Every line below from the one containing "Мужской костюм выполнен" through the one containing "En el período" is to be printed exactly, with the pictures omitted.
┌─ RECORDS SUPPLIED
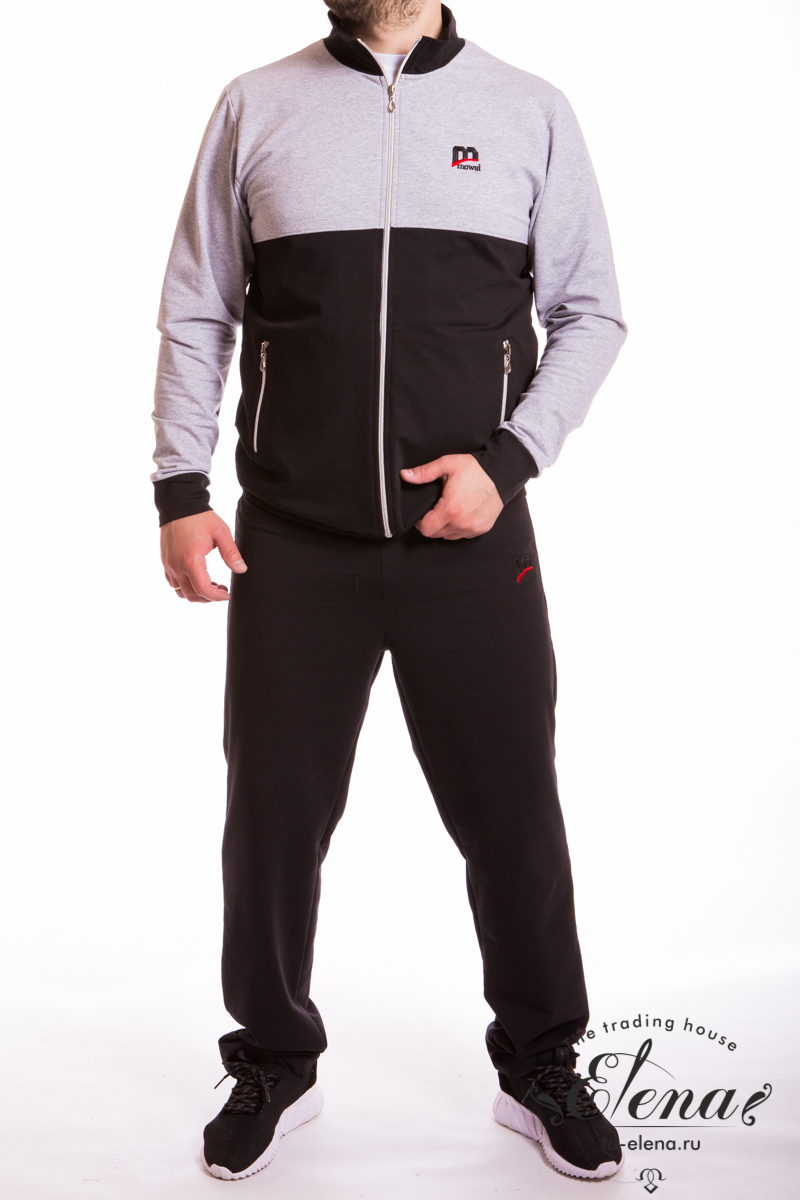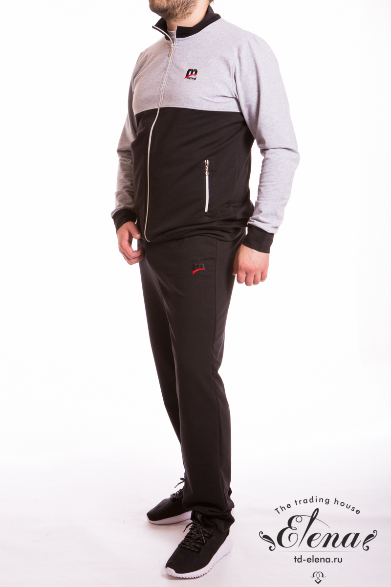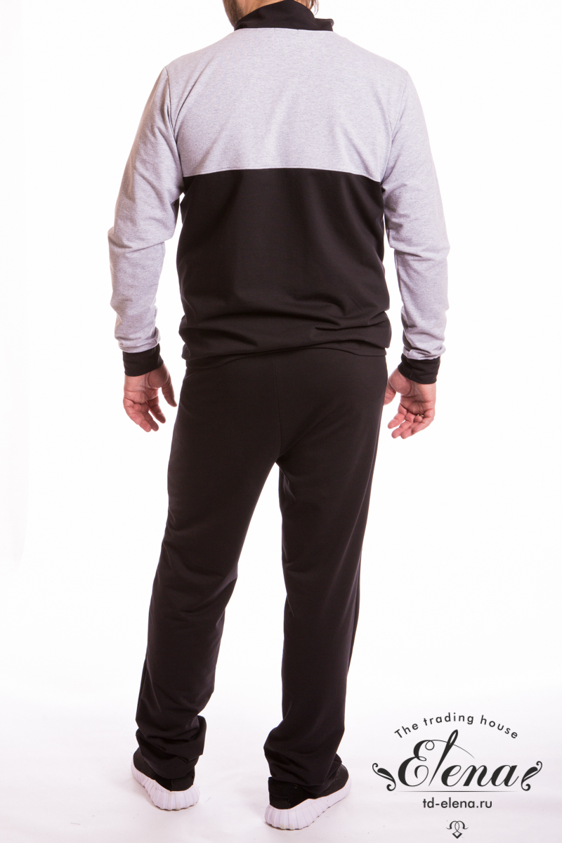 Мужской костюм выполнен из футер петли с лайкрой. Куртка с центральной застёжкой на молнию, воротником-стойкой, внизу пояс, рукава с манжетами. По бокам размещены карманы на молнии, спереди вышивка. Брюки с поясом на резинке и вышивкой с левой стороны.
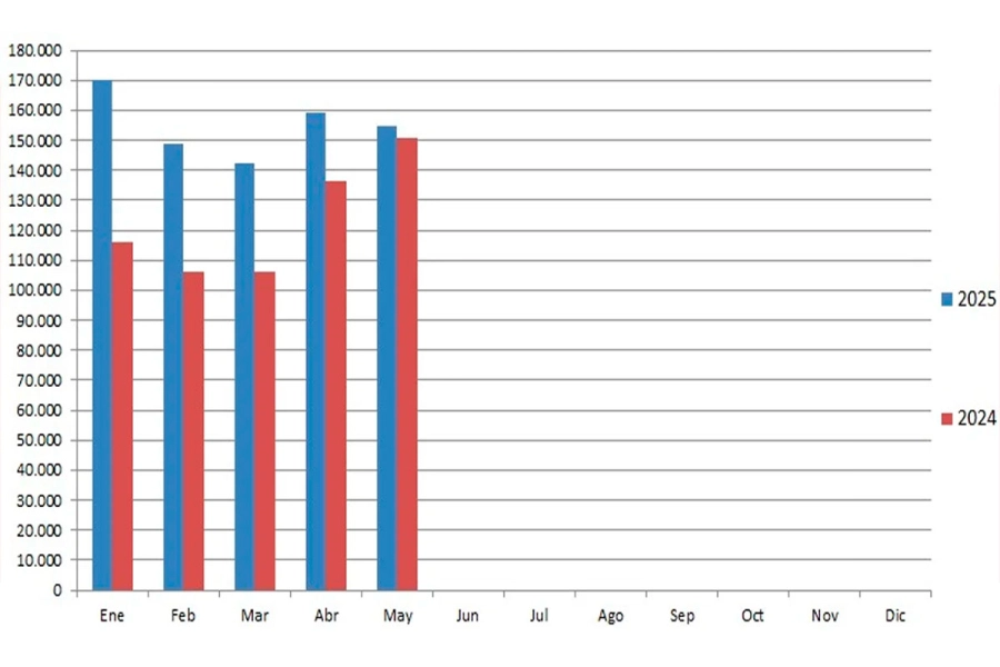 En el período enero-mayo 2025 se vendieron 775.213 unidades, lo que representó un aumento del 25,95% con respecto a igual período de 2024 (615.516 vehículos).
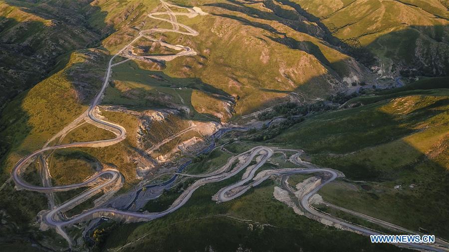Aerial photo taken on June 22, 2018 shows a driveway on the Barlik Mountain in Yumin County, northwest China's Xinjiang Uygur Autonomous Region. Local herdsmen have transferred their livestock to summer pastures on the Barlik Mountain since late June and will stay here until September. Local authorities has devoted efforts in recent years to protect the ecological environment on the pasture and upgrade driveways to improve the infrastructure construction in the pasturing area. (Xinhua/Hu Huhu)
└─
┌─ RECORDS SUPPLIED
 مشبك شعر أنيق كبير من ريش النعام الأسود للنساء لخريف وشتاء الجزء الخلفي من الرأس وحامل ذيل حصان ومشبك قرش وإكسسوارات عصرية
└─
__PROBLEM SOLUTION__.
 Мужской костюм выполнен из футер петли с лайкрой. Куртка с центральной застёжкой на молнию, воротником-стойкой, внизу пояс, рукава с манжетами. По бокам размещены карманы на молнии, спереди вышивка. Брюки с поясом на резинке и вышивкой с левой стороны.
 En el período enero-mayo 2025 se vendieron 775.213 unidades, lo que representó un aumento del 25,95% con respecto a igual período de 2024 (615.516 vehículos).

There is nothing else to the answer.